What the exercise asks
Transcribe only the lines in the data below falling between the line with "Tortillas de maíz" and the line with "в других странах...", including those two lines, and leave out any picture.

Entries shown Block Start

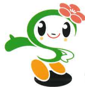
磯子区マスコットキャラクター「いそっぴ」
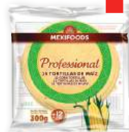
Tortillas de maíz MEXIFOODS , 12 cm., pack 15 unds., 300 grs.
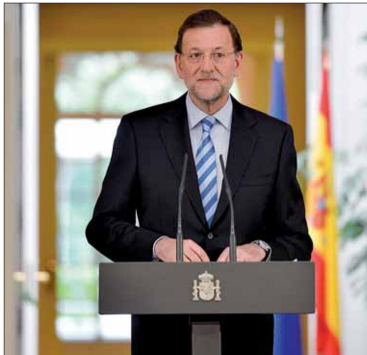
Mariano Rajoy explicó el rescate a los medios.

Este empeoramiento de la situación se producía horas después de que la agencia de califi-
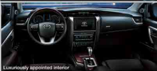
Luxuriously appointed interior
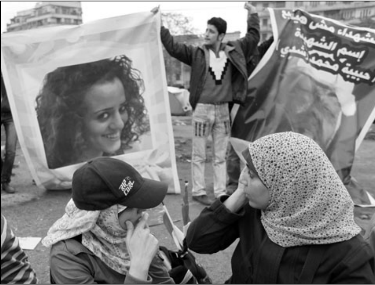
صور الشهداء تتوسط ميدان التحرير
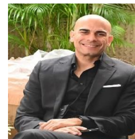
Steven Candelaria Presidente actual 2024
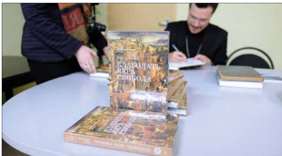
В издание вошли проповеди, прочитанные Архиепископом как в России, так и в других странах...

Книга выстроена в соответствии с циклом церковного года: от Адвента до Троицы, время после Троицы, включая Праздник урожая и День Реформации. В издание вошли проповеди, прочитанные Архиепископом как в России, так и в других странах. В него включены также молитвы на особые праздники. Книга иллюстрирована репродукциями картин Ганса Мемлинга и Рембрандта.
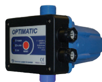
849041 Autoclave électronique Optimatic
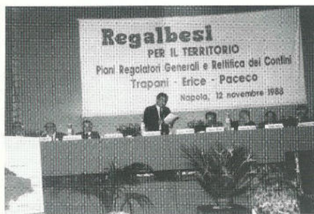
L'impegno dell'Associazione per la rettifica dei confini
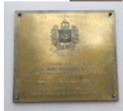
Casa construída entre os anos de 1840 e 1850 no lugar da antiga Câmara Municipal, incendiada em 1848. No detalhe, placa comemorativa ao título outorgado por Dom Pedro I: A Fidelíssima
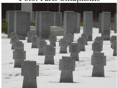
Beberbeķu vācu kapi
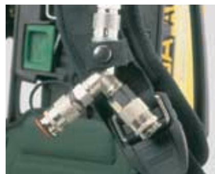
AirMaXX-Z Il secondo attacco per applicazioni di salvataggio [sicurezza per 2 operatori]
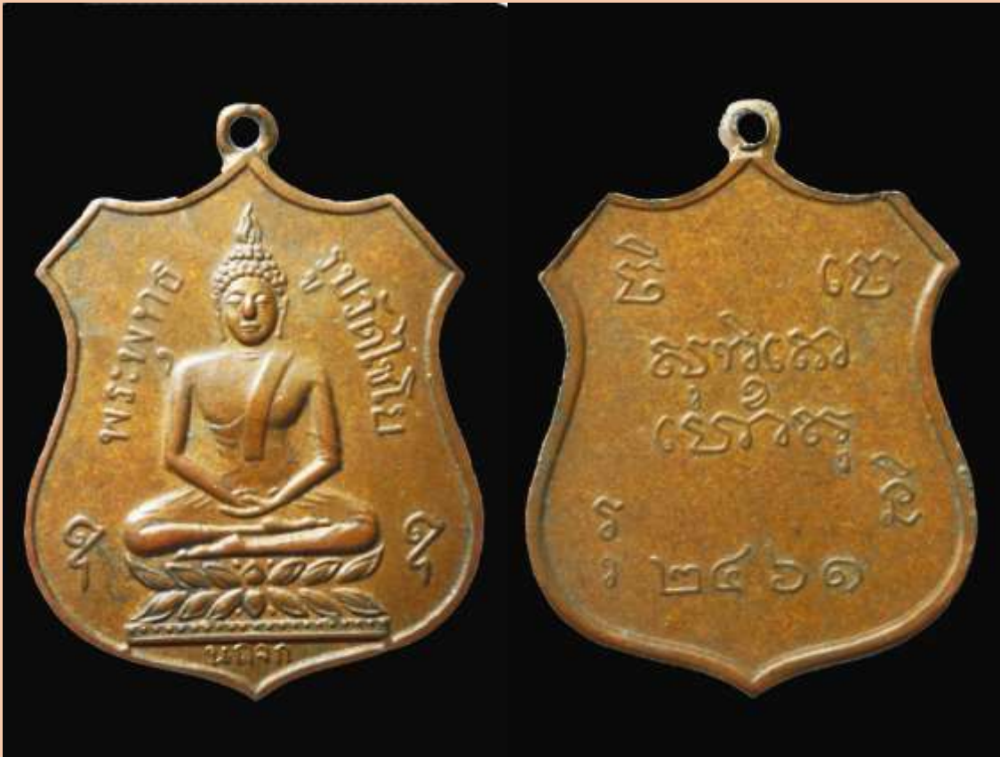
เหรียญพระมหาพุทธพิมพ์ จัดสร้างปีพ.ศ. 2461
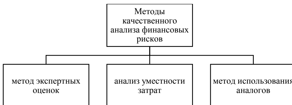
Рис. 1. Качественные методы оценки финансовых рисков организации

Все методы оценки рисков разделяются на количественные и качественные. Качественные методы оценки финансовых рисков рассмотрим на рисунке ниже.
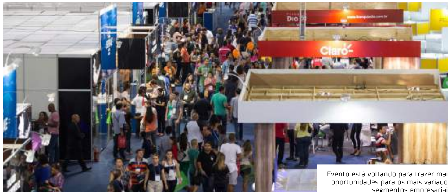
Evento está voltando para trazer mais oportunidades para os mais variados segmentos empresariais

"O Sebrae pretende trazer um evento com profundidade de abordagem dos temas voltados para o empreendedorismo e conexão por meio de atividades que estão ligadas com tudo que o mundo está discutindo e precisa discutir para que os

Entries shown Block End

Solution
Tortillas de maíz MEXIFOODS , 12 cm., pack 15 unds., 300 grs.
Mariano Rajoy explicó el rescate a los medios.

Este empeoramiento de la situación se producía horas después de que la agencia de califi-
Luxuriously appointed interior
صور الشهداء تتوسط ميدان التحرير
Steven Candelaria Presidente actual 2024
В издание вошли проповеди, прочитанные Архиепископом как в России, так и в других странах...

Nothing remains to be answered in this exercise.